-- Assigned task --
Print each entry in full, word for word, with no pictures in the result.

▼

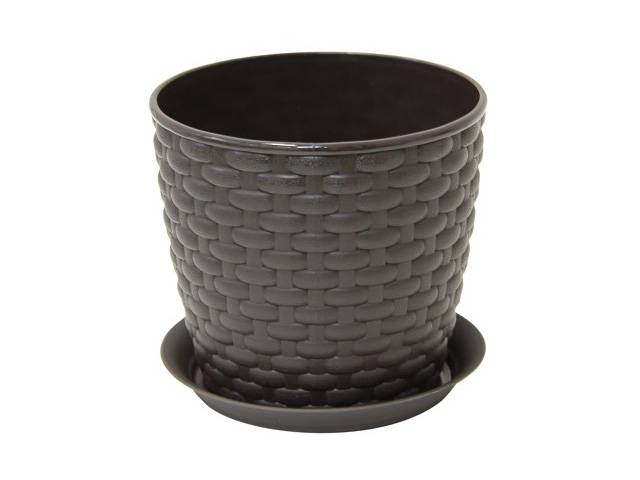 Кашпо РОТАНГ 1л с поддоном (коричневый) (IDEA)
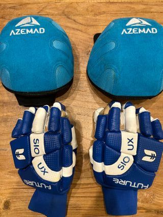 Pack de rodilleras y guantes para hockey sobre patines. El color principal es azul con detalles blancos. - Rodilleras de color azul. - Guantes de color azul y blanco.
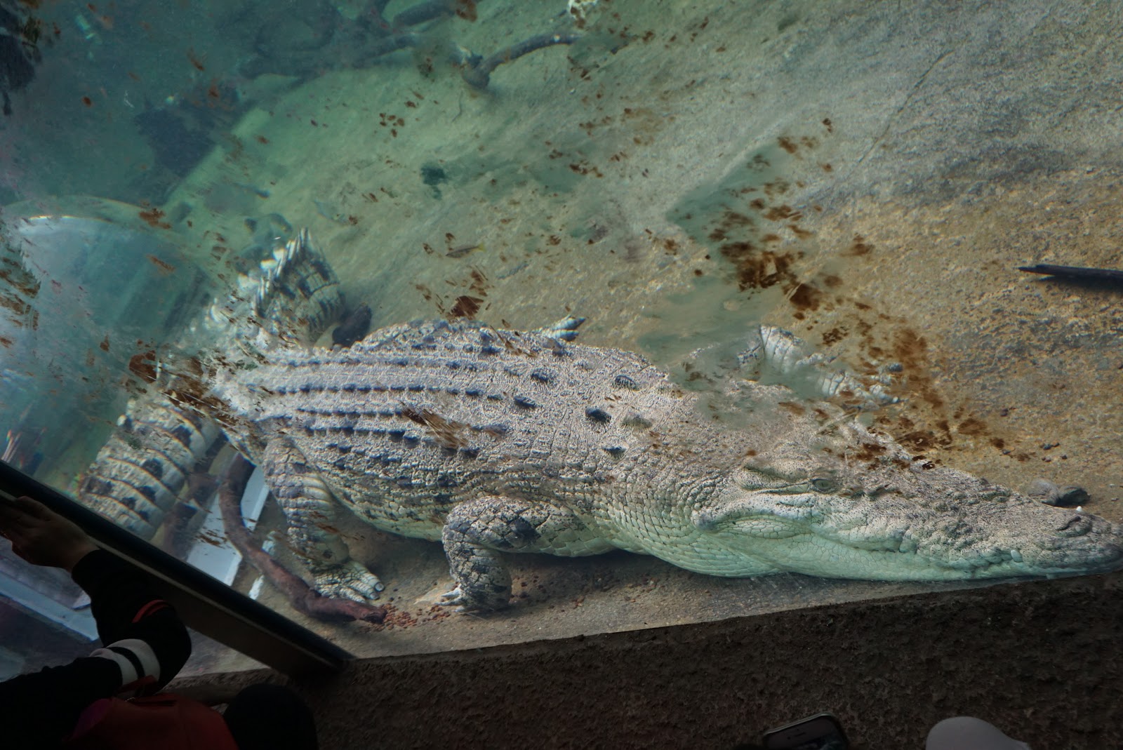 | A lone crocodile at the end of the 1 km walkway in Sydney Wildlife Zoo |
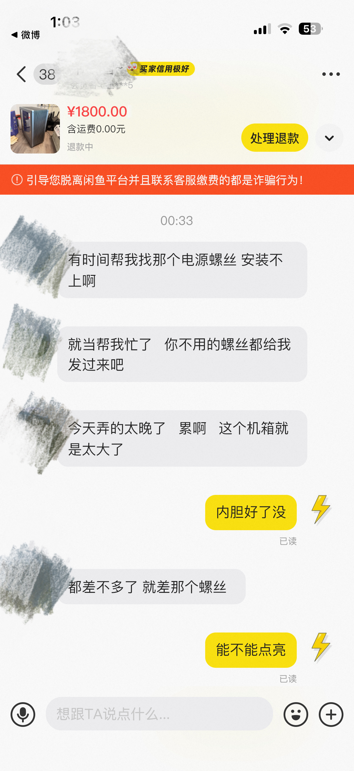 闲鱼遇到一个奇葩买家,又菜又爱玩,买我个机箱还要我指导安装,稍微晚了几分钟回复就申请退货,凌晨还来骚扰我,把我当24小时客服。
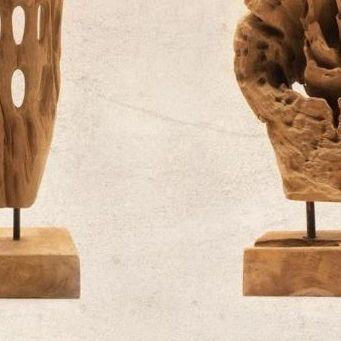 - Abstract forms with driftwood-inspired shapes and carvings, these handcrafted teak sculptures always get noticed.
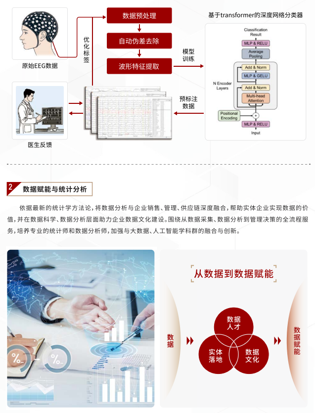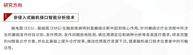 中心旨在推动脑科学和应用统计两个领域的科研成果转化和落地。脑科学领域聚焦于非侵入式脑机接口技术、分析算法和采集设备的研发和推广,以癫痫的人工智能辅助诊断为出发点,积极探索痴呆、抑郁、睡眠等领域的关键需求和解决方案。应用统计领域旨在打通从数据到数据赋能之间的分析瓶颈,挖掘数据中隐含的生产力,重点关注粮食安全、能源安 全、低碳环保和先进制造行业的数据科学服务,打造典型案例助力数字中国建设。
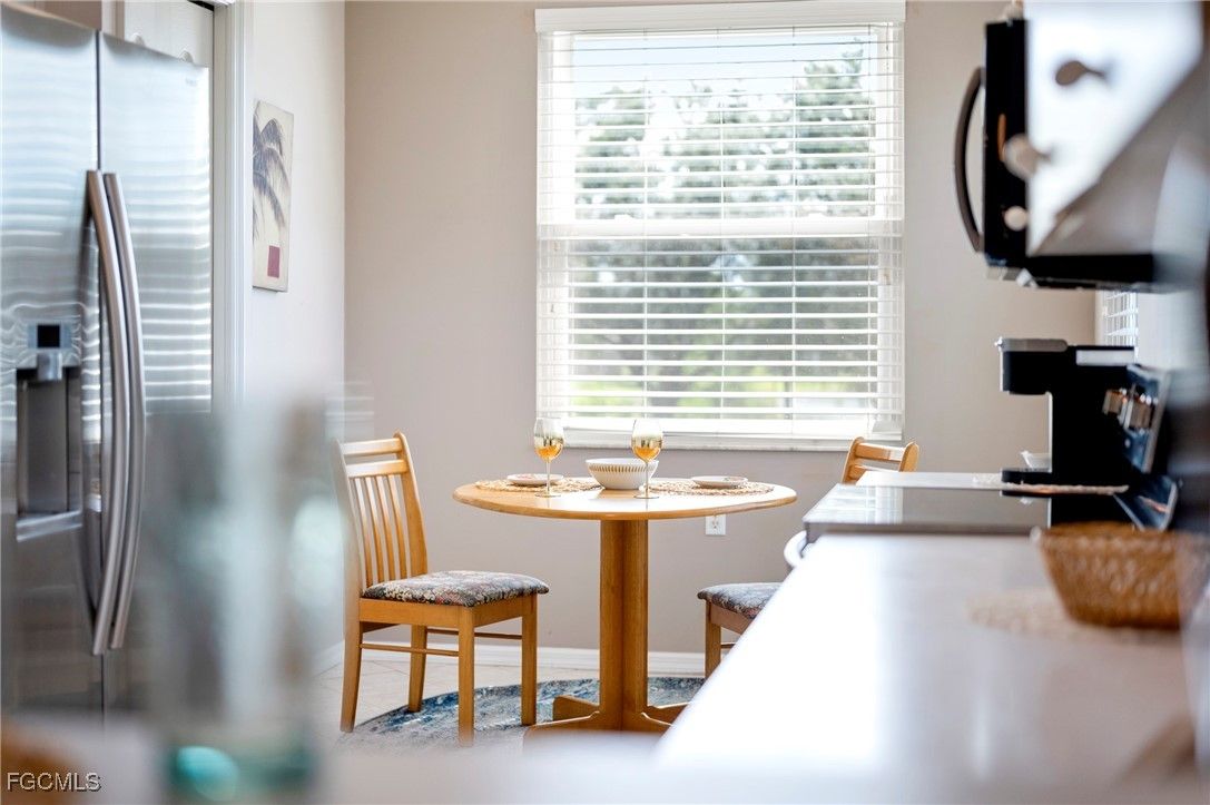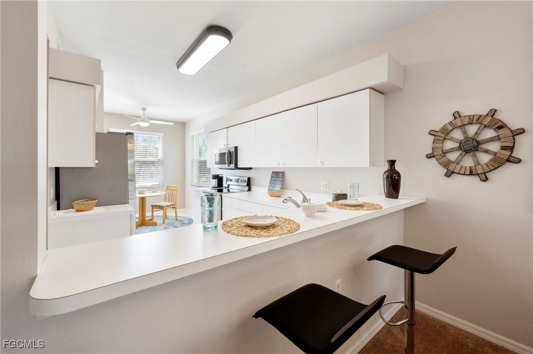 FURNISHED CORNER UNIT WITH LAKE VIEWS IN HERITAGE COVE 55+ COMMUNITY! Welcome to your Florida dream lifestyle! This rarely available, spacious 2-bedroom + den, 2-bath corner-unit condo is located in the highly desirable, gated Heritage Cove community—just off scenic McGregor Blvd, the gateway to Sanibel and Fort Myers Beach. Beautifully furnished and fully turnkey, this second-floor unit offers serene lake views from your private, screened lanai—perfect for morning coffee or sunset relaxation. Inside, you'll find a bright, open living area with an adjacent den ideal for a home office, media room, or reading nook. The primary suite boasts two walk-in closets and an updated ensuite bath with a walk-in shower. A split floor plan provides privacy for guests in the second bedroom, which also features its own walk-in closet and full bath. Enjoy a large, eat-in kitchen with stainless steel appliances, a breakfast bar, and plenty of cabinetry—plus an in-unit laundry room with full-sized washer and dryer for added convenience. This unit comes with covered parking, a private storage closet for all your beach and sporting gear, and a screened front entry that welcomes the Gulf breeze. The HOA includes cable TV, Wi-Fi, water, lawn care, and more—plus full access to the resort-style pool, clubhouse, fitness center, bocce ball, clay tennis courts, and beautifully maintained grounds. Whether you're a full-time resident or seasonal snowbird, this gem offers low-maintenance living in an unbeatable location. Don’t miss this opportunity to own one of the best units in Heritage Cove—corner unit, lake view, turnkey and ready for you!

▲

-- Your response --
 Кашпо РОТАНГ 1л с поддоном (коричневый) (IDEA)
 Pack de rodilleras y guantes para hockey sobre patines. El color principal es azul con detalles blancos. - Rodilleras de color azul. - Guantes de color azul y blanco.
 | A lone crocodile at the end of the 1 km walkway in Sydney Wildlife Zoo |
 闲鱼遇到一个奇葩买家,又菜又爱玩,买我个机箱还要我指导安装,稍微晚了几分钟回复就申请退货,凌晨还来骚扰我,把我当24小时客服。
 - Abstract forms with driftwood-inspired shapes and carvings, these handcrafted teak sculptures always get noticed.
 中心旨在推动脑科学和应用统计两个领域的科研成果转化和落地。脑科学领域聚焦于非侵入式脑机接口技术、分析算法和采集设备的研发和推广,以癫痫的人工智能辅助诊断为出发点,积极探索痴呆、抑郁、睡眠等领域的关键需求和解决方案。应用统计领域旨在打通从数据到数据赋能之间的分析瓶颈,挖掘数据中隐含的生产力,重点关注粮食安全、能源安 全、低碳环保和先进制造行业的数据科学服务,打造典型案例助力数字中国建设。
 FURNISHED CORNER UNIT WITH LAKE VIEWS IN HERITAGE COVE 55+ COMMUNITY! Welcome to your Florida dream lifestyle! This rarely available, spacious 2-bedroom + den, 2-bath corner-unit condo is located in the highly desirable, gated Heritage Cove community—just off scenic McGregor Blvd, the gateway to Sanibel and Fort Myers Beach. Beautifully furnished and fully turnkey, this second-floor unit offers serene lake views from your private, screened lanai—perfect for morning coffee or sunset relaxation. Inside, you'll find a bright, open living area with an adjacent den ideal for a home office, media room, or reading nook. The primary suite boasts two walk-in closets and an updated ensuite bath with a walk-in shower. A split floor plan provides privacy for guests in the second bedroom, which also features its own walk-in closet and full bath. Enjoy a large, eat-in kitchen with stainless steel appliances, a breakfast bar, and plenty of cabinetry—plus an in-unit laundry room with full-sized washer and dryer for added convenience. This unit comes with covered parking, a private storage closet for all your beach and sporting gear, and a screened front entry that welcomes the Gulf breeze. The HOA includes cable TV, Wi-Fi, water, lawn care, and more—plus full access to the resort-style pool, clubhouse, fitness center, bocce ball, clay tennis courts, and beautifully maintained grounds. Whether you're a full-time resident or seasonal snowbird, this gem offers low-maintenance living in an unbeatable location. Don’t miss this opportunity to own one of the best units in Heritage Cove—corner unit, lake view, turnkey and ready for you!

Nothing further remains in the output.